Although the entries contain pictures, only their text goes into the copy, set down exactly.
━━━━━ MATERIAL PROVIDED
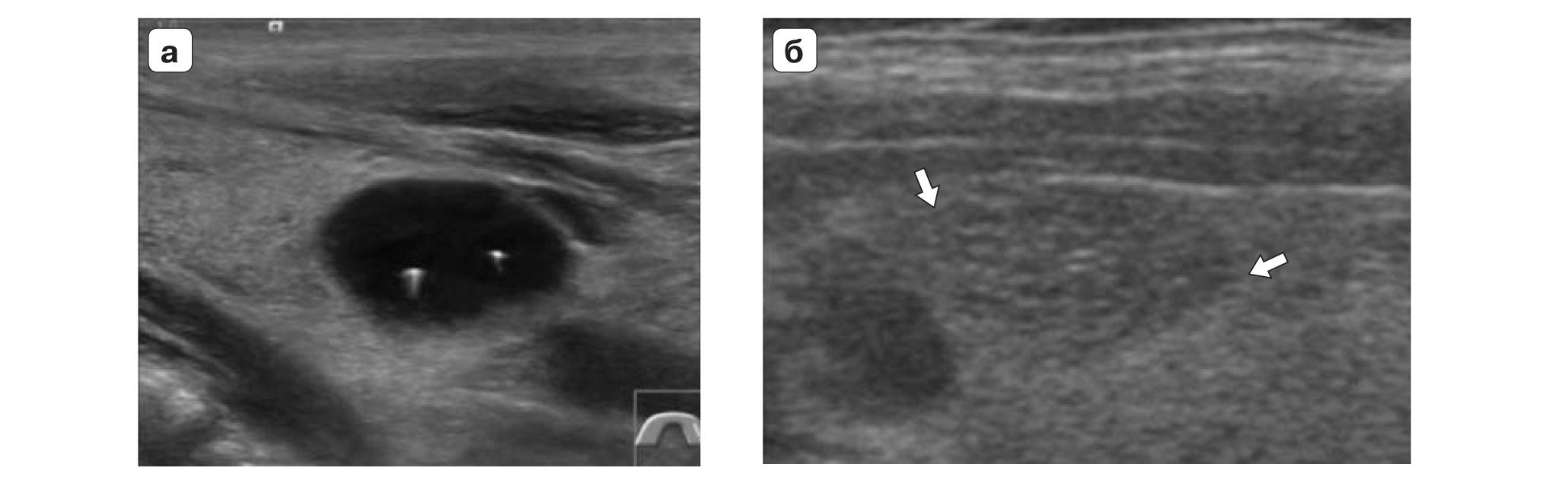 Рис. 1. Категория TI-RADS 2: а – кистозно расширенный или макрофолликул; б – губчатый узел (стрелки).
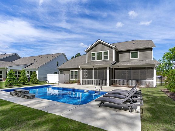Well appointed, arts & crafts southern charmer stands out among the Triangles most impressive residences filled with upgrades utilizing the finest materials. Custom trim work, plantation shutters and blinds. Crown molding and engineered hardwoods throughout with tile in bathrooms and laundry. Elegant private study or formal living, open living floorplan with gas log fireplace, chef inspired kitchen with WI pantry, 2 master suites - one on each level, office nook, epoxy garage floor, front yard irrigation and much more! Wrap around screened porch with incredible stone fireplace links the main house to exceptional outdoor living in your very own fenced-in private oasis with luxury pool and water feature! Nestled in a highly sought after community with pool, dog park, playground and trails.
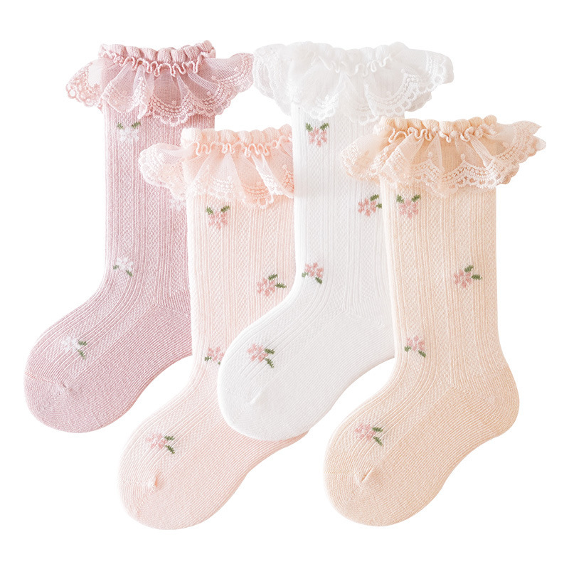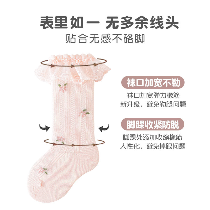 新品小碎花春夏宝宝袜薄款透气甜美花边婴儿袜子公主风童袜
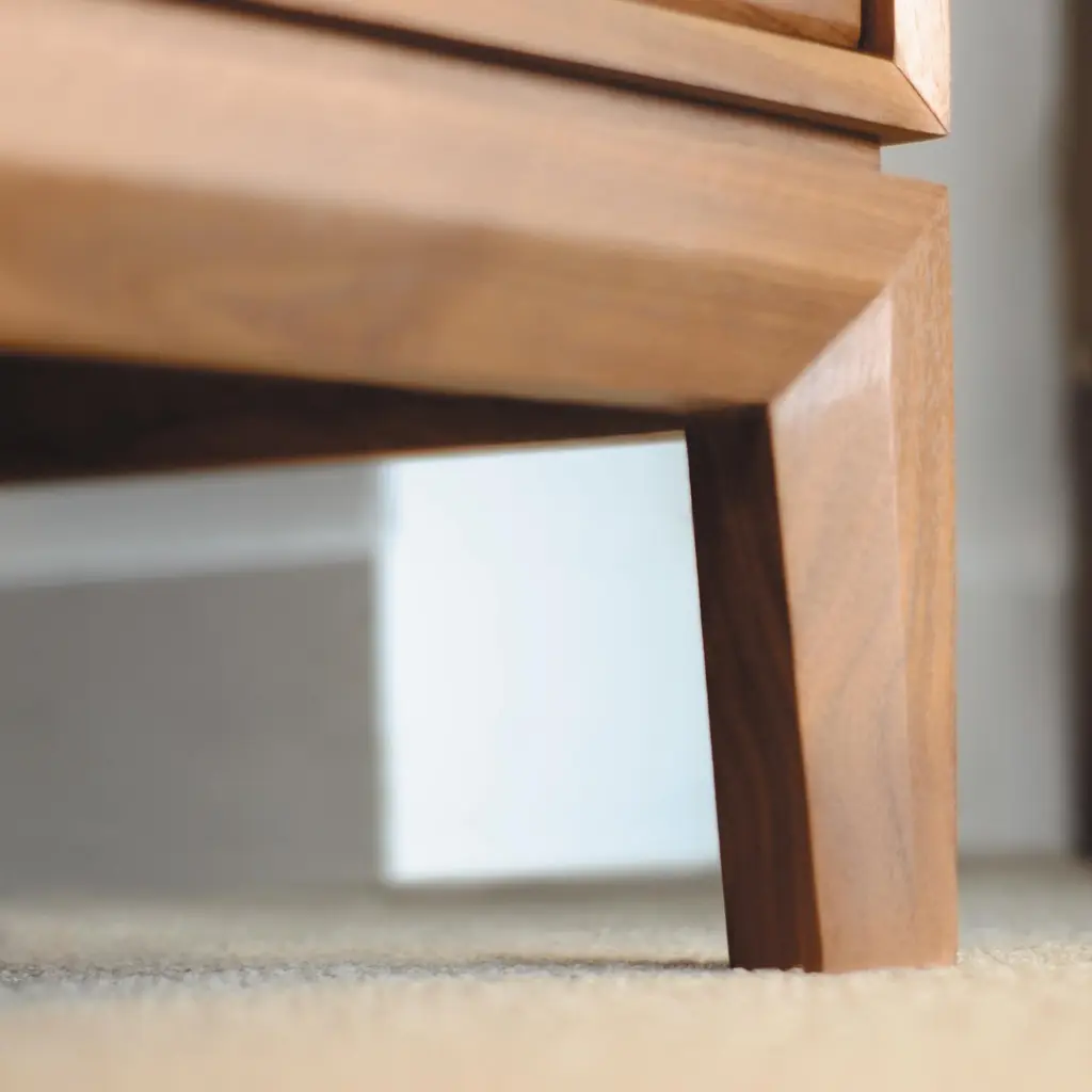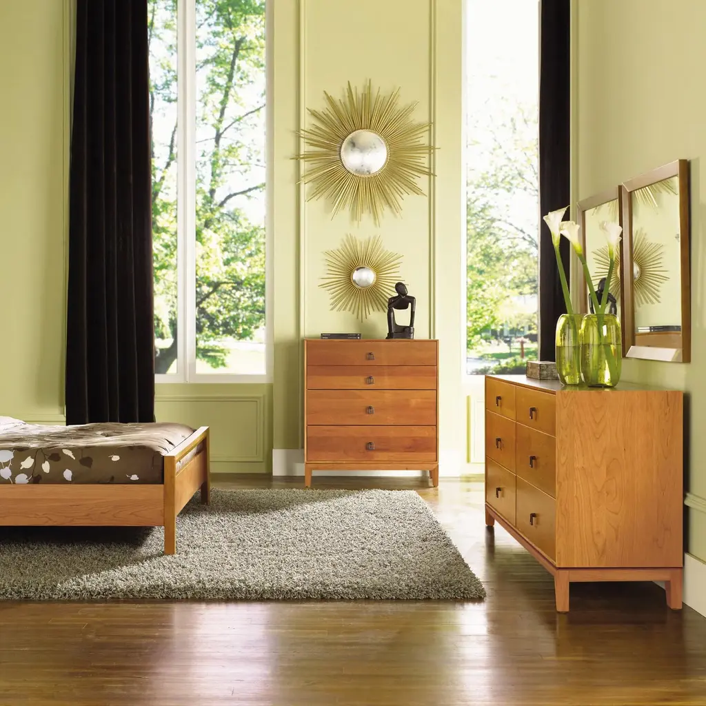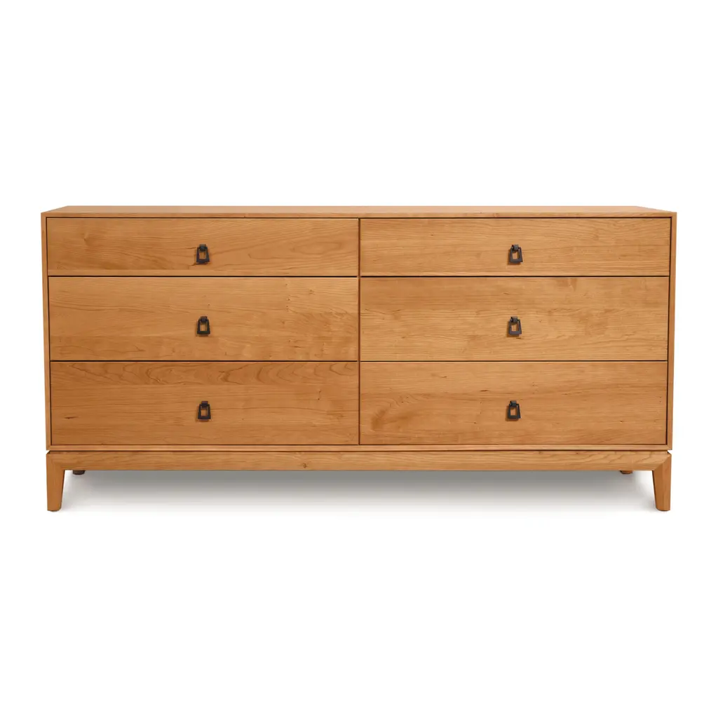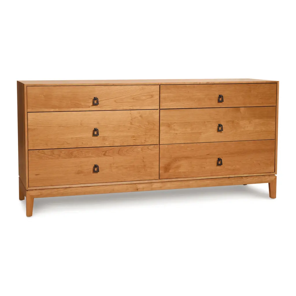 Elevate your bedroom storage potential with the Mansfield 6 Drawer Dresser from Copeland Furniture. The mitered frames and black bronze ring pulls add visual interest and highlight the solid construction. Handcrafted in solid cherry or walnut, this dresser exudes luxury and can be customized with a selection of knob or pull options. Transform your space with this unconventional yet elegant piece. Highlights
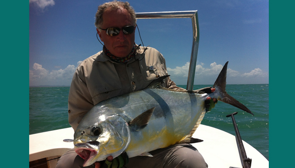 One morning I landed a good Tarpon of about 60 lb. We went to a different site in the afternoon, the guide had warned us earlier on in the week 'sometimes we see Permit there; they feed near the surface of the water showing their tails even though the depth is 3-4 meters'. As we fished I had a good strong take just like a Tarpon [well I did have a black and red Tarpon fly on the end of my line], it ran taking out the backing but it did not jump at all. A strong fish, and as it came closer to the boat the guide was as excited as I to see a good size Permit eventually measured at 87 cms. We raced off to the flats to find a bonefish for the grand slam!
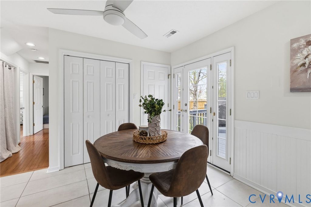 Welcome to 846 Tavern Green Rd in the conveniently located Ayers Tavern neighborhood of Glen Allen, where thoughtful updates, functional living space, and inviting outdoor amenities come together at an incredible value. This charming 1.5-story Cape offers 4 bedrooms and 2 full baths across 1,296 square feet, making it an ideal option for first-time buyers, downsizers, or anyone seeking low-maintenance living with modern touches. Step inside to find a bright living room with hardwood floors and overhead lighting, creating a comfortable space to relax or entertain. The kitchen has been refreshed with painted cabinetry, butcher block countertops, updated hardware, a stylish backsplash, and newer appliances including a dishwasher (2023) and microwave (2024), while the eat-in area provides a cozy dining space with easy access to the backyard and deck. Both bathrooms have been tastefully updated within the last five years, featuring modern tile work, fixtures, and finishes, and the water heater was replaced in 2023 for added peace of mind. The outdoor space perfectly complements the home, featuring a fully fenced backyard updated in late 2024 with mature trees, a garden box, and a powered shed, along with a freshly painted deck offering built-in seating and a grilling area. A brick patio, fire pit, and rope lighting create an ideal setting for entertaining, while the EV charging station (installed 2023) and double-width paved driveway add everyday convenience. This well-cared-for home offers the perfect blend of comfort, updates, and outdoor enjoyment in a convenient Glen Allen location.
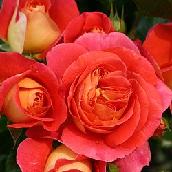 Gebruder Grimm - это роза с очень ярко окрашенными цветками ностальгической формы. Цветки 7-8 см в диаметре, густомахровые, появляются в кистях и цветут очень обильно и длительно. Цветок долго не осыпается. Лепестки оранжево-красные, очень изменчивой окраски в зависимости от сроков цветения, погоды и времени года. Аромат легкий. Куст высотой 60-70см, а шириной около 50 см. Листва блестящая, темно-зеленая. Высокая устойчивость к дождю, неблагоприятным погодным условиям и заболеваниям.
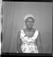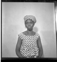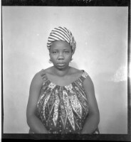 - A woman wearing a dress and a headscarf facing forward in the studio.
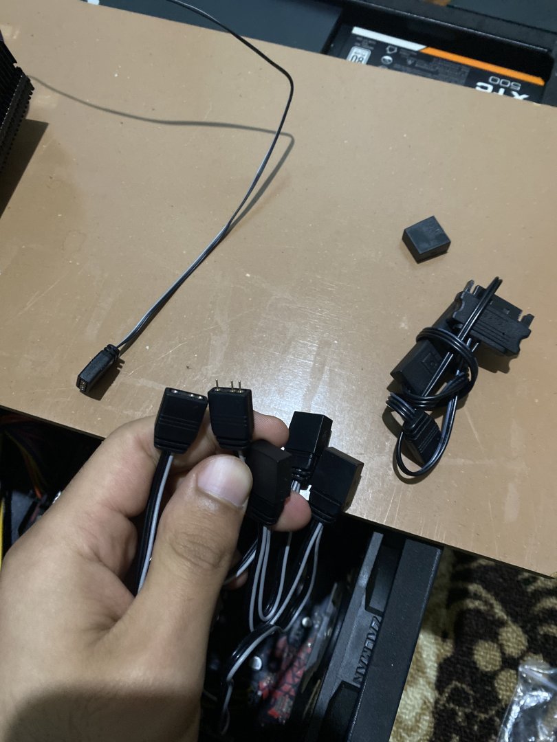 soğutucuya bağlı olarak bir tek bu attığım kablo var onun dışında fan için 3pin5v argb fanı sataya takan bi kablo çıktı o fan için birde şöyle 3pin dişiyi 3pin erkeğe çeviren bi çoğaltıcı kablo gibi birşey var
━━━━━━━━━━
# RESULT OF THE TASK:
 Рис. 1. Категория TI-RADS 2: а – кистозно расширенный или макрофолликул; б – губчатый узел (стрелки).
Well appointed, arts & crafts southern charmer stands out among the Triangles most impressive residences filled with upgrades utilizing the finest materials. Custom trim work, plantation shutters and blinds. Crown molding and engineered hardwoods throughout with tile in bathrooms and laundry. Elegant private study or formal living, open living floorplan with gas log fireplace, chef inspired kitchen with WI pantry, 2 master suites - one on each level, office nook, epoxy garage floor, front yard irrigation and much more! Wrap around screened porch with incredible stone fireplace links the main house to exceptional outdoor living in your very own fenced-in private oasis with luxury pool and water feature! Nestled in a highly sought after community with pool, dog park, playground and trails.
 新品小碎花春夏宝宝袜薄款透气甜美花边婴儿袜子公主风童袜
 Elevate your bedroom storage potential with the Mansfield 6 Drawer Dresser from Copeland Furniture. The mitered frames and black bronze ring pulls add visual interest and highlight the solid construction. Handcrafted in solid cherry or walnut, this dresser exudes luxury and can be customized with a selection of knob or pull options. Transform your space with this unconventional yet elegant piece. Highlights
 One morning I landed a good Tarpon of about 60 lb. We went to a different site in the afternoon, the guide had warned us earlier on in the week 'sometimes we see Permit there; they feed near the surface of the water showing their tails even though the depth is 3-4 meters'. As we fished I had a good strong take just like a Tarpon [well I did have a black and red Tarpon fly on the end of my line], it ran taking out the backing but it did not jump at all. A strong fish, and as it came closer to the boat the guide was as excited as I to see a good size Permit eventually measured at 87 cms. We raced off to the flats to find a bonefish for the grand slam!
 Welcome to 846 Tavern Green Rd in the conveniently located Ayers Tavern neighborhood of Glen Allen, where thoughtful updates, functional living space, and inviting outdoor amenities come together at an incredible value. This charming 1.5-story Cape offers 4 bedrooms and 2 full baths across 1,296 square feet, making it an ideal option for first-time buyers, downsizers, or anyone seeking low-maintenance living with modern touches. Step inside to find a bright living room with hardwood floors and overhead lighting, creating a comfortable space to relax or entertain. The kitchen has been refreshed with painted cabinetry, butcher block countertops, updated hardware, a stylish backsplash, and newer appliances including a dishwasher (2023) and microwave (2024), while the eat-in area provides a cozy dining space with easy access to the backyard and deck. Both bathrooms have been tastefully updated within the last five years, featuring modern tile work, fixtures, and finishes, and the water heater was replaced in 2023 for added peace of mind. The outdoor space perfectly complements the home, featuring a fully fenced backyard updated in late 2024 with mature trees, a garden box, and a powered shed, along with a freshly painted deck offering built-in seating and a grilling area. A brick patio, fire pit, and rope lighting create an ideal setting for entertaining, while the EV charging station (installed 2023) and double-width paved driveway add everyday convenience. This well-cared-for home offers the perfect blend of comfort, updates, and outdoor enjoyment in a convenient Glen Allen location.
 Gebruder Grimm - это роза с очень ярко окрашенными цветками ностальгической формы. Цветки 7-8 см в диаметре, густомахровые, появляются в кистях и цветут очень обильно и длительно. Цветок долго не осыпается. Лепестки оранжево-красные, очень изменчивой окраски в зависимости от сроков цветения, погоды и времени года. Аромат легкий. Куст высотой 60-70см, а шириной около 50 см. Листва блестящая, темно-зеленая. Высокая устойчивость к дождю, неблагоприятным погодным условиям и заболеваниям.
 - A woman wearing a dress and a headscarf facing forward in the studio.
 soğutucuya bağlı olarak bir tek bu attığım kablo var onun dışında fan için 3pin5v argb fanı sataya takan bi kablo çıktı o fan için birde şöyle 3pin dişiyi 3pin erkeğe çeviren bi çoğaltıcı kablo gibi birşey var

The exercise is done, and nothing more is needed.